US SEC defends its new climate disclosure rules amid criticism

The US Securities and Exchange Commission (SEC) has staunchly defended its newly introduced climate reporting regulations, which have prompted a wave of legal challenges.

These pioneering rules, unveiled in early March, require U.S. public companies to disclose climate risks affecting their operations, strategies for risk mitigation, financial consequences of extreme weather events, and greenhouse gas (GHG) emissions.

In a recent brief to the U.S. Eighth Circuit Court of Appeals, the SEC emphasised the need for “more detailed, consistent, and comparable information” regarding climate risks. This push for enhanced disclosures responds to significant investor demand for improved data to support investment and voting decisions. The Commission has cited current reporting standards as inconsistent and difficult for investors to use effectively.

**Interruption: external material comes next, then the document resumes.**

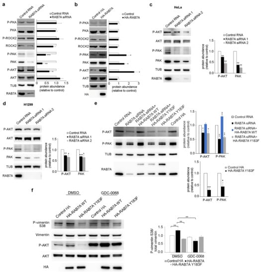 RAB7A regulates AKT kinase activity, PAK1 abundance, and vimentin phosphorylation. (a) HeLa cells were transfected with either control RNA or RAB7A siRNA and then lysed after 5 days or (b) transfected with plasmids encoding either HA or HA-RAB7A and lysed after 24 h. Lysates were subjected to Western blot analysis using the indicated antibodies. (c) HeLa or (d) H1299 cells were treated with control RNA or with RAB7A siRNAs and lysed after 5 days. Lysates were subjected to Western blot analysis using the indicated antibodies. Quantifications of total PAK kinase and phosphorylated AKT kinase are shown. (e) HeLa cells were treated with control RNA or with RAB7A siRNA or transfected with plasmids coding for HA or HA-RAB7AY183F. RAB7A-silenced cells were also transfected with plasmids encoding HA-RAB7A WT or Y183F to rescue RAB7A function. Lysates were subjected to Western blot analysis using the indicated antibodies. Quantification of phosphorylated AKT and PAK1 kinases was shown. (f) HeLa cells were transfected with plasmids encoding either HA, HA-RAB7AWT, or HA-RAB7AY183F. 24 h after transfection cells were incubated with the AKT inhibitor GDC-0068 1 µM or DMSO for 24 h and then lysed. Lysates were subjected to Western blot analysis using the indicated antibodies. Quantification of P-vimentin Ser38 is shown. All data represent the mean ± s.e.m. of at least three independent experiments. * = p < 0.05; ** = p < 0.01; *** = p < 0.001.

Opposition has come from various quarters, including 25 Republican state attorneys general and the U.S. Chamber of Commerce, who argue that the rules are overly burdensome and speculative, particularly concerning GHG emissions data. Despite these challenges, the SEC has paused implementation to address legal petitions but remains committed to enforcing the rules. “We continue to vigorously defend the new disclosure requirements,” the Commission asserted.

The SEC also addressed concerns about compliance costs, noting that the rules were revised from their original 2022 proposal to lower expenses and enhance investor utility. The Commission clarified that its role is not to regulate climate change itself but to ensure investor protection, in line with Congress’s mandate to require crucial investor information.

“This case is not about climate change or environmental policy; it is about protecting investors,” the SEC stated in its brief, framing the climate disclosure rule as a vital instrument for transparent financial reporting rather than as an environmental regulation.